But given Amylin and given Inhibitex, what are the therapeutic areas where you might say, I really want to pursue this based on where the body of science is going or based on your strategic objective? And then when it comes to ELIQUIS, could you talk about getting the patients that are in sort of the less -- the more stable patients on warfarin sort of switched over to ELIQUIS, and what you've learned about where the market is in Xarelto and Pradaxa that you will sort of incorporate into your plans, whether it's the bleeding concerns, without a lack of an antidote or pricing or patient stratification?

Give us a bit more granularity there.

Giovanni, you will take the ELIQUIS question. Let me make a couple of comments about business development.

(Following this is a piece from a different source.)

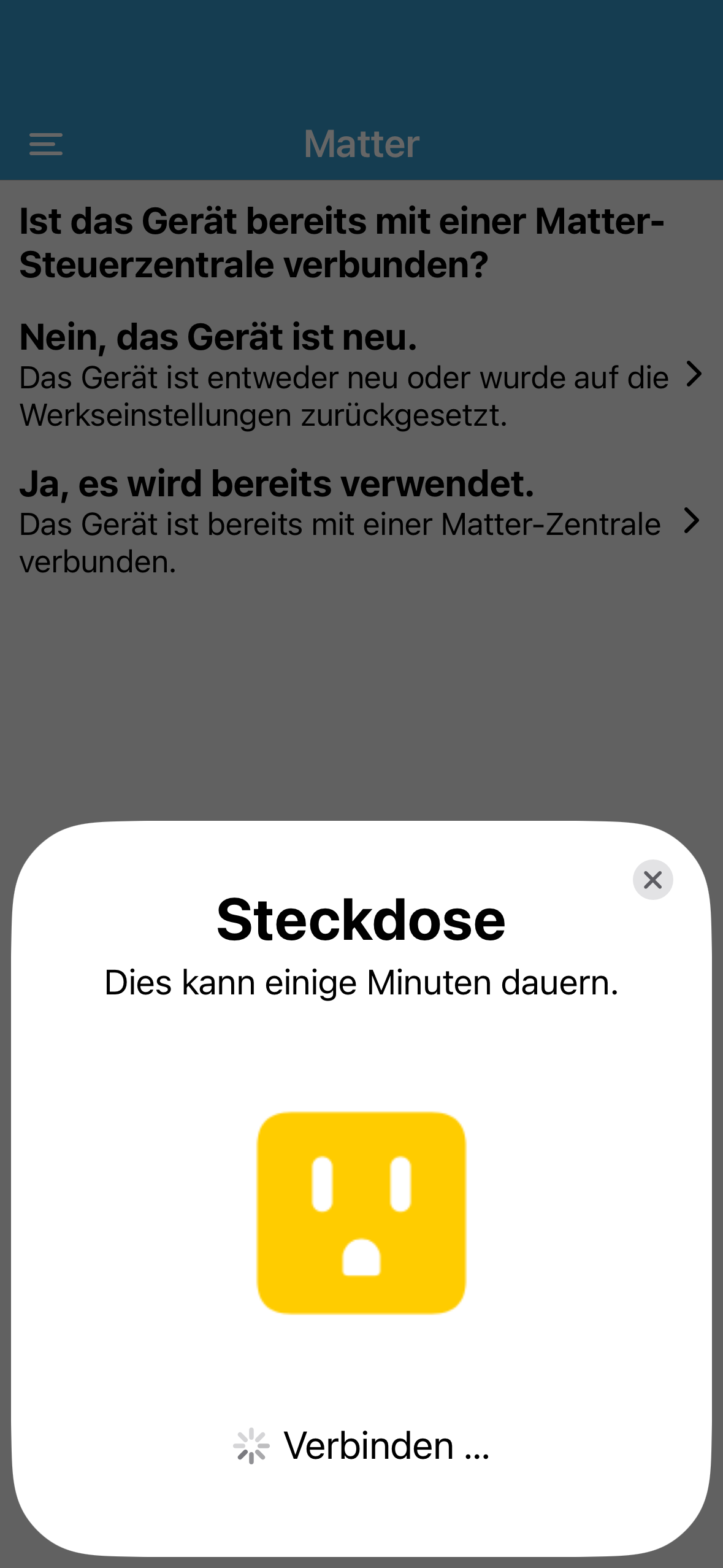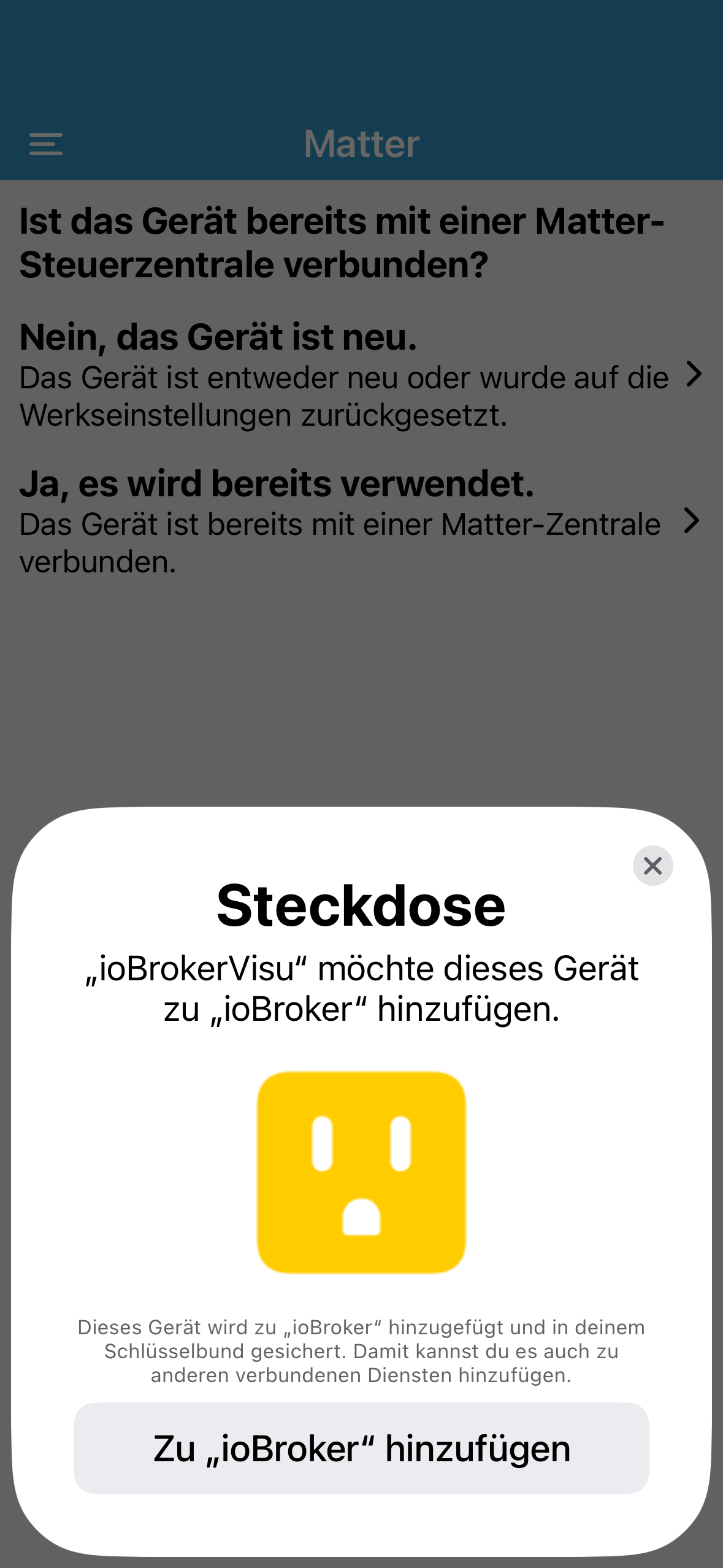 Dann habe ich die Matter Steckdose eingesteckt und mit der IOB App den Code gescannt:

As I said before, we are disappointed by the discontinuation of the 094 program, which -- well, which is a stark reminder of the high-risk nature of our business. Having said that, nothing has changed with regard to our business development strategy.

And you might be aware, but we recently announced that Fran Heller has joined the company as the new Head of Business Development. Business development has been one of our top priorities and we're pleased that we closed our acquisition of Amylin and our expansion of our AstraZeneca during the quarter.

Now we continue to be interested in small molecules, as well as expanding our biologics capability, and the areas are aligned with our key strategic disease areas. So they remain CVMET [ph], virology, neuroscience, immuno-oncology and immunology.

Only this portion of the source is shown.